Flemish bond is a decorative form of brickwork pattern, as distinct from functional bonds such as English bond. Bricks known as stretchers are laid lengthwise and are alternated adjacent on the same horizontal plane (courses) with bricks known as headers that are laid with their shorter ends exposed. The decorative nature of the pattern can be accented by glazing or burning the headers. In the British North American colonies, this shiny black glazing was achieved when saplings were added during the kiln process.

==History==
The pattern was employed throughout Northern and Central Europe during the late Middle Ages, with a notable number of Polish structures utilizing the bond.

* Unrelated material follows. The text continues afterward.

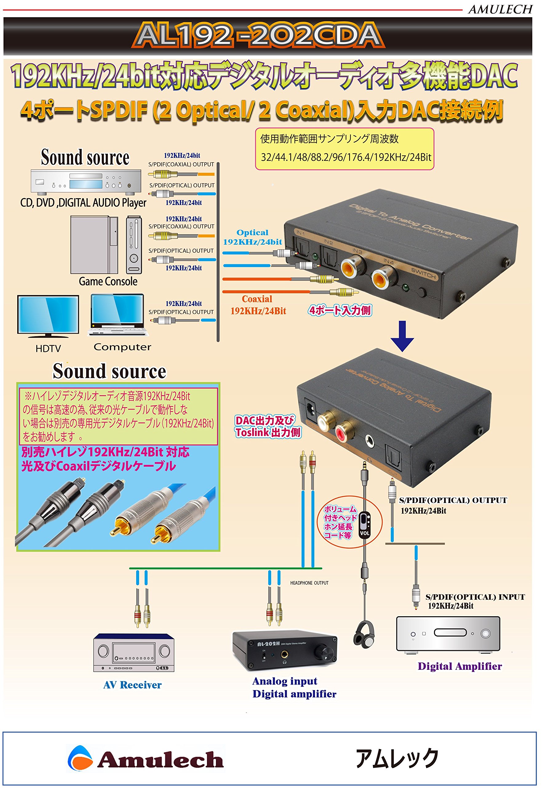 It supports PCM up to 192 kHz / 24 bit, and the sampling frequency supports 32 / 44.1 / 48 / 88.2 / 96 / 176.4 / 192 kHz.

The late 15th-century Frauenkirche in Munich, Germany, is a prominent early example of the pattern's employment. Decorative brickwork had become highly developed in the Netherlands before its prominence in England during the 17th century and the later 19th-century Queen Anne Revival. Kew Palace (built 1631; also known as the Dutch House) in London is thought to be the first example of Flemish bond in England. The pattern became preferred for brickwork in high-quality English architecture by the middle of the 17th century.

St. Luke's Church (built c. 1632) in Smithfield, Virginia, is the oldest surviving building to use Flemish bond in what is now the United States. The bond achieved significant popularity in colonial Pennsylvania among its Georgian structures. Flemish bond was present in 17th-century colonial Virginia, though it would not be used for foundations, which were laid in English bond. By the 18th-century in Virginia, Flemish bond was being used in foundations and the bond's presence on a structure indicated wealth.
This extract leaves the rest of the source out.